How to complete this task »
The whole listing is to be restated word for word with no images.
** Opening Records to process block **
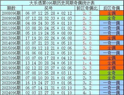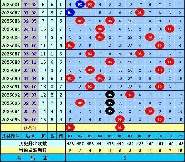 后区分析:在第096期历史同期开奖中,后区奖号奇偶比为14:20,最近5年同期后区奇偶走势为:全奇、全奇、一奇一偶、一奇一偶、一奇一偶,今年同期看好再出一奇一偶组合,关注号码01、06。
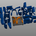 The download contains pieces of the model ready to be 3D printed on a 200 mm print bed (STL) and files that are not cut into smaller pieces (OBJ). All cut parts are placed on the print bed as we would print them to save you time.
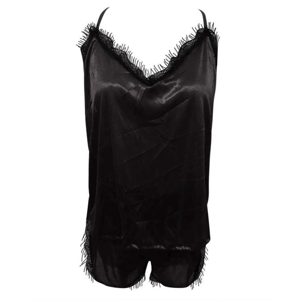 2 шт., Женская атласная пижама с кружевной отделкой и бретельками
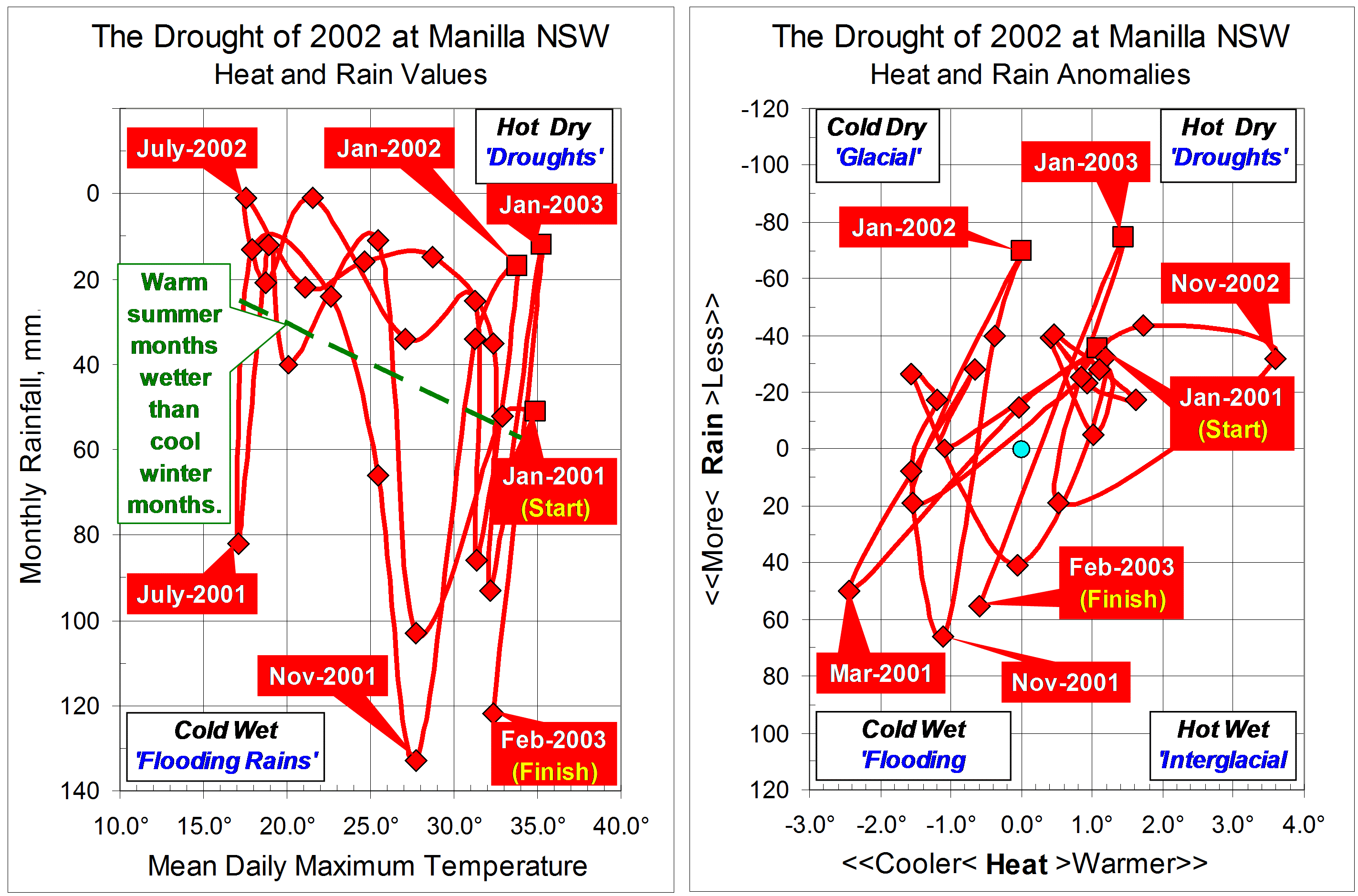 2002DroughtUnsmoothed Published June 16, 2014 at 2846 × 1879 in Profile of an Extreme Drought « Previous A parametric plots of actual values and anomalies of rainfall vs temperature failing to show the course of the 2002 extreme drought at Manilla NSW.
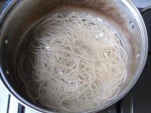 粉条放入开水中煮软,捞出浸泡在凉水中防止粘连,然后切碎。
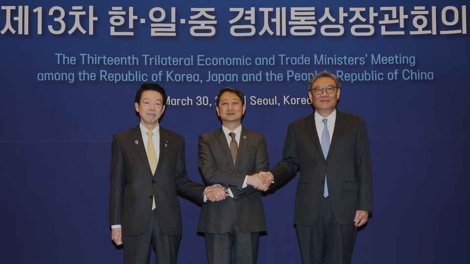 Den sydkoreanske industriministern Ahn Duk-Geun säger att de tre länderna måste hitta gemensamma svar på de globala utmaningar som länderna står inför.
** Closing Records to process block **
Result for this task »
 后区分析:在第096期历史同期开奖中,后区奖号奇偶比为14:20,最近5年同期后区奇偶走势为:全奇、全奇、一奇一偶、一奇一偶、一奇一偶,今年同期看好再出一奇一偶组合,关注号码01、06。
 The download contains pieces of the model ready to be 3D printed on a 200 mm print bed (STL) and files that are not cut into smaller pieces (OBJ). All cut parts are placed on the print bed as we would print them to save you time.
 2 шт., Женская атласная пижама с кружевной отделкой и бретельками
 2002DroughtUnsmoothed Published June 16, 2014 at 2846 × 1879 in Profile of an Extreme Drought « Previous A parametric plots of actual values and anomalies of rainfall vs temperature failing to show the course of the 2002 extreme drought at Manilla NSW.
 粉条放入开水中煮软,捞出浸泡在凉水中防止粘连,然后切碎。
 Den sydkoreanske industriministern Ahn Duk-Geun säger att de tre länderna måste hitta gemensamma svar på de globala utmaningar som länderna står inför.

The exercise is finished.